Georgia's Superior Court judges are set to meet Monday to consider a major overhaul of a court rule in place for decades governing the use of cameras and electronic recording devices in courtrooms across the state.
That rule, Rule 22, was adopted three decades ago largely to regulate and set standards for news media use of news cameras and other recording devices during court proceedings. But with the proliferation of personal electronic devices able to make video and audio recordings, coupled with the explosion of social media, state judges have been prompted to propose dramatic changes to the longtime rule.

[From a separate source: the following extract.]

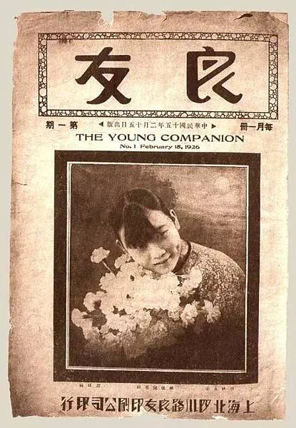 《良友》第一期的封面上印有一幅套色照像,畫面中的少女手捧鮮花、笑靨迎人,這就是日後紅極一時的電影明星胡蝶女士。

Cobb County Superior Court Judge Stephen Schuster, chairman of the Rules Committee of the state Council of Superior Court Judges, said the committee would meet in open session Monday from 1-3 p.m. at the council's summer conference on St. Simons Island to hash out the rewrite. If the rules committee reaches consensus on the proposed changes, the entire council will likely vote Wednesday on whether to approve the new rule, Schuster said.
Schuster said the judges decided to rewrite the rule because of vast technological changes that have taken place since it was first put in place in 1985. "We need to find a balance that protects those who are in court and the public's ability to have a good understanding of what we are doing," he said.

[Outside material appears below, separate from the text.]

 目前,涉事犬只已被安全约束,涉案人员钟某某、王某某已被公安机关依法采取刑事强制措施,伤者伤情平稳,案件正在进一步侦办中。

"This isn't about open courts, about coming in and watching a hearing," he added, but rather the possibility that confidential conversations between lawyers and their clients might be recorded and made public, that jurors' personal information and identities or sensitive information that could surface in child custody and divorce cases might be published online and become accessible to millions."

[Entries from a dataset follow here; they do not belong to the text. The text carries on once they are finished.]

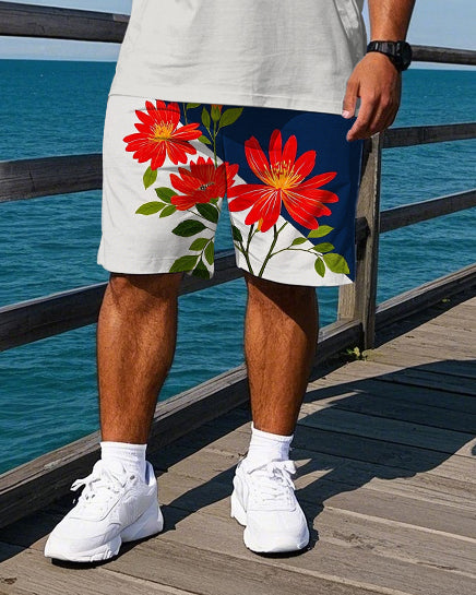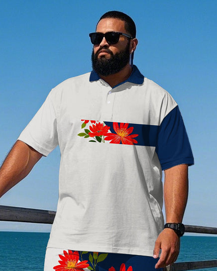 Big Men's Gentlemen Romantic Floral Stripe Printed Casual Short Sleeve Polo Shirt Shorts Set
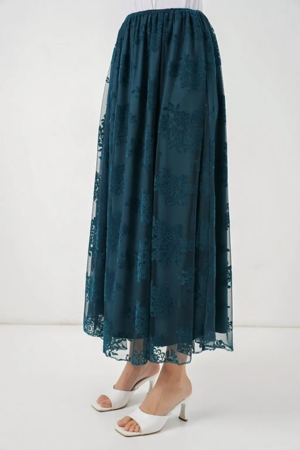 Flok Baskılı Uzun Tül Etek 8070 - Petrol
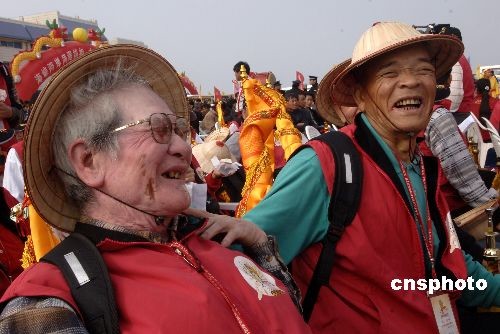 2月13日,首次到湄洲岛进香的台湾妈祖信众李桂春(左)、赖水上(右)笑开怀。中新社发 王东明 摄
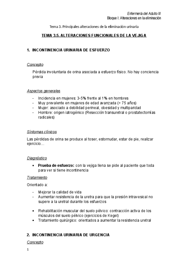 He publicado nuevos apuntes de 3º enfermería del Adulto Iii: Tema 3.5 Alteraciones funcionales de la Vejiga.pdf
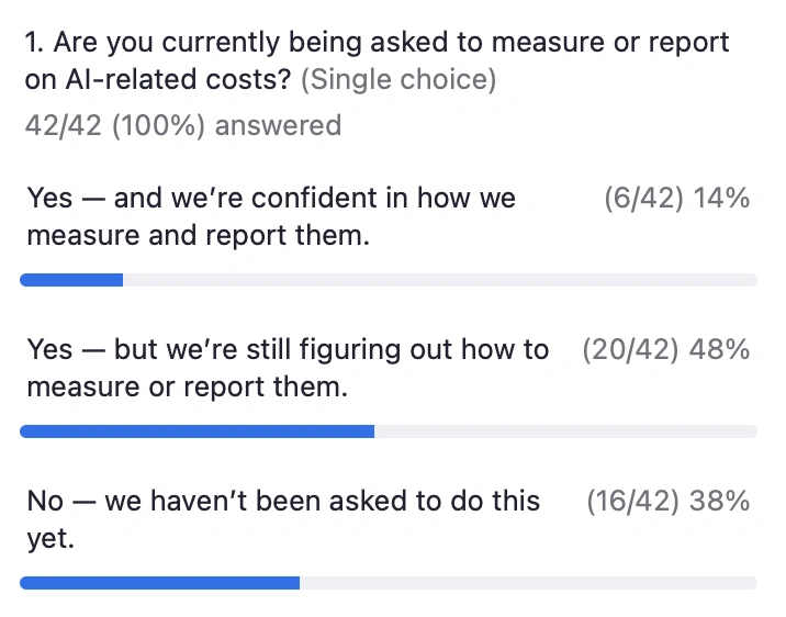 Right now, 48% of organizations say they’re being asked to measure or report on AI-related costs. The problem is that they’re still figuring out how to do it.

Changes to the judges' proposal have been offered by the Southern Center for Human Rights, the Georgia First Amendment Foundation, and attorneys representing The Atlanta Journal-Constitution and Cox Media Group.
The Georgia First Amendment Foundation on Friday suggested that language in the new rule now under consideration would make the courts "less welcoming to the public by restricting anyone other than lawyers from using phones or other electronic devices in the courtroom, even if the devices would not disrupt proceedings," including use of an electronic device to take notes or send and receive emails and texts.
The foundation has proposed allowing the silent use of portable electronic devices inside a courtroom and limiting exceptions only "to maintain safety, decorum and order, and protect the integrity of the proceedings."
The foundation's proposal also would require judges to "bear in mind the state's longstanding policy favoring open judicial proceedings and anticipate that reporters and other public observers seated in the courtroom may properly use such devices to prepare and post online accounts and commentary during the proceedings."